De acordo com o delegado, já foram feitas diversas diligências, com diferentes prazos, mas a empresa continua sem atender aos pedidos e disponibilizar as informações requeridas.

Foto: Renato Andrade / Cidadeverde.com

Família ainda aguarda respostas

Para a família, a demora para a elucidação do crime tem trazido ainda mais dor e aflição. O irmão da vítima, Klerisvaldo Negreiros Cavalcante, diz que a demora faz surgir dúvidas sobre se o crime foi de fato motivado por uma briga de trânsito ou se o crime pode ter tido uma motivação prévia.

“Ele era empresário, tinha uma empresa grande, tinha uma concessão de telefonia, e tinha negócios com prefeitos da região, concorria a licitações, reforma de escola, de posto de saúde, então para a gente ficam muitas interrogações”, disse ao Cidadeverde.com.

Júlio César foi morto alvejado com um disparo de arma de fogo no dia 3 de setembro quando trafegava por uma região de passagem molhada, no bairro Alto da Cruz.

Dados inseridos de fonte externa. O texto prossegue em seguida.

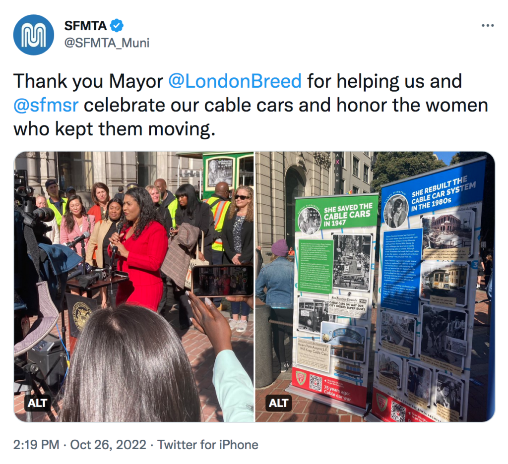 We celebrated this anniversary with Market Street Railway and Mayor London Breed on Oct. 26 at Market and Powell streets (view videos below).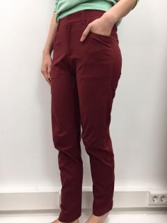 Женские скалолазаные штаны. Ткань брюк тянется в 4 стороны, держит небольшой дождь и ветер, и быстро сохнет. Такие штаны подойдут для скалолазания, походов в теплое время года и ношения в городе. Штаны застегиваются на молнию, липучку и пуговицу. Пояс представляет собой широкую резинку. Есть шлевки для ремня или подвешивания мешочка с магнезией. Справа есть петелька для щеточки для зацепов. Длину брюк можно укоротить до 3/4, подвернув низ и закрепив на пуговицу. На фото штаны размера М. Рост модели 170 см, вес 54 кг.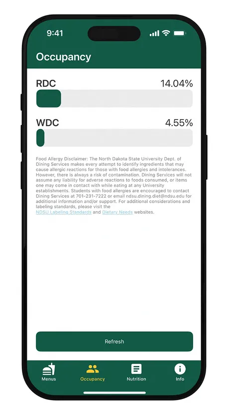 View the Occupancy Tracker or find occupancy information in the NDSU Dining App.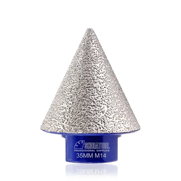 Dijamantska konusna kruna 35 mm M14 namenjena je za precizno faziranje, poliranje i oblikovanje ivica na staklu, keramici, porcelanu, granitu i mermeru. Zahvaljujući vakuum lemljenoj tehnologiji i dijamantskom zrnu granulacije #80, omogućava glatku i ravnomernu završnu obradu bez pucanja i krzanja materijala.
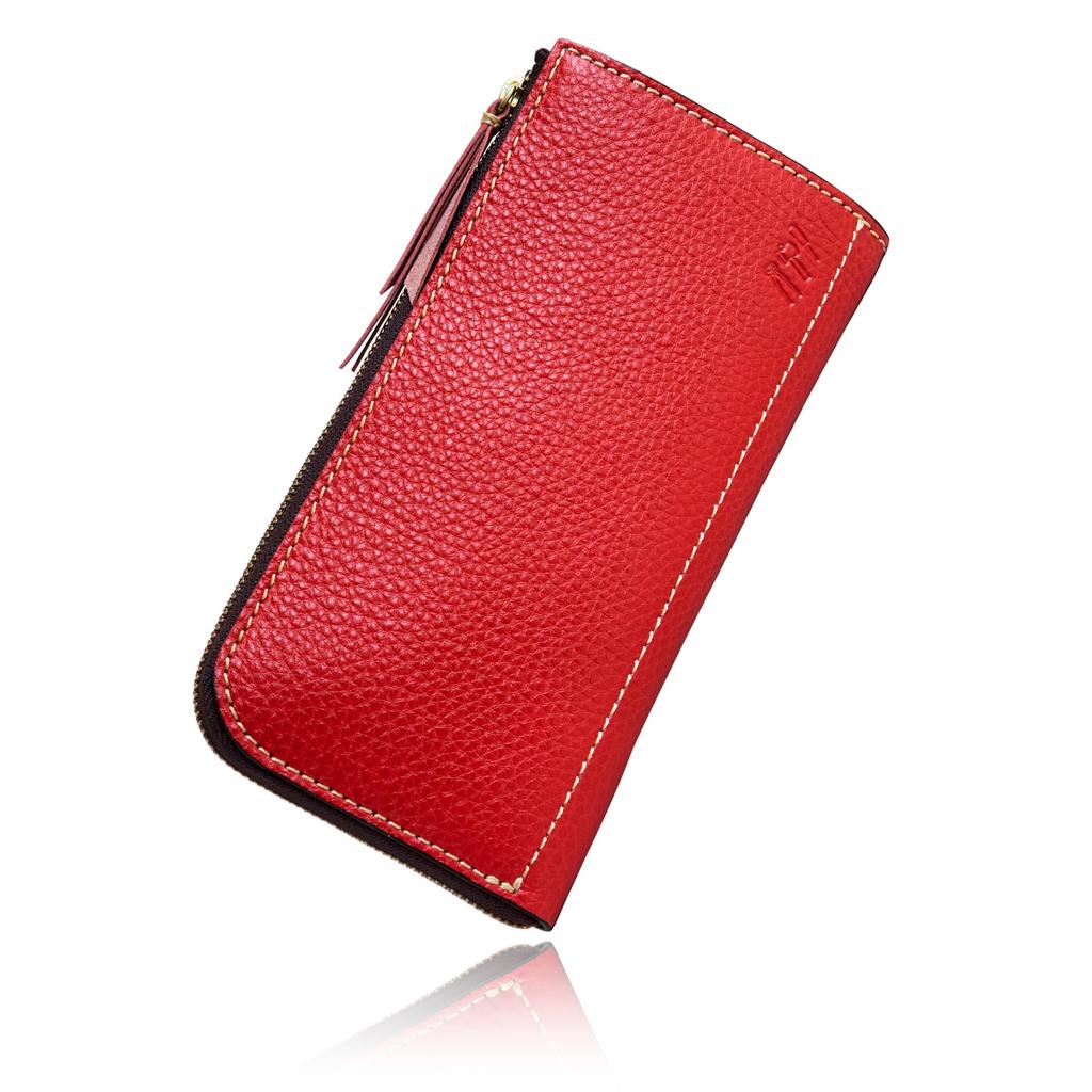 Artigianoworks Long Wallet for Men and Women, Round Zipper, Cowhide Leather, Himeji Leather, Made by YKK, Large Capacity, Card Storage, Red, Aw-05ns

Ele estava em seu carro, quando outro veículo teria batido no carro. Teria havido início de uma briga entre os dois, mas não se sabe se isso efetivamente ocorreu e como aconteceu o disparo. O irmão diz suspeitar que o irmão possa ter identificado, ao descer do carro após o incidente de trânsito, uma pessoa conhecida.

“Ele nunca relatou ameaça, nunca relatou briga, o que também me deixa com pé atrás, é que o carro segue ele, e parece brigar com ele, e parece que o cara em um certo momento trisca no carro dele (…) e eu penso que essa tenha sido a cena do crime, ele desceu com a arma na mão, porque ele tinha o posse de arma, e acredito que talvez a outra pessoa pegou a arma tenha efetuado o disparo”, citou.

Para o delegado Marcelo Barreto, os dados extraídos do celular são de extrema importância para o esclarecimento do crime. “[São] Dados incontestáveis, inclusive, objetivos, científicos, Não sujeito a questões subjetivas, humanas, como manipulação, fraude, mentiras”, citou.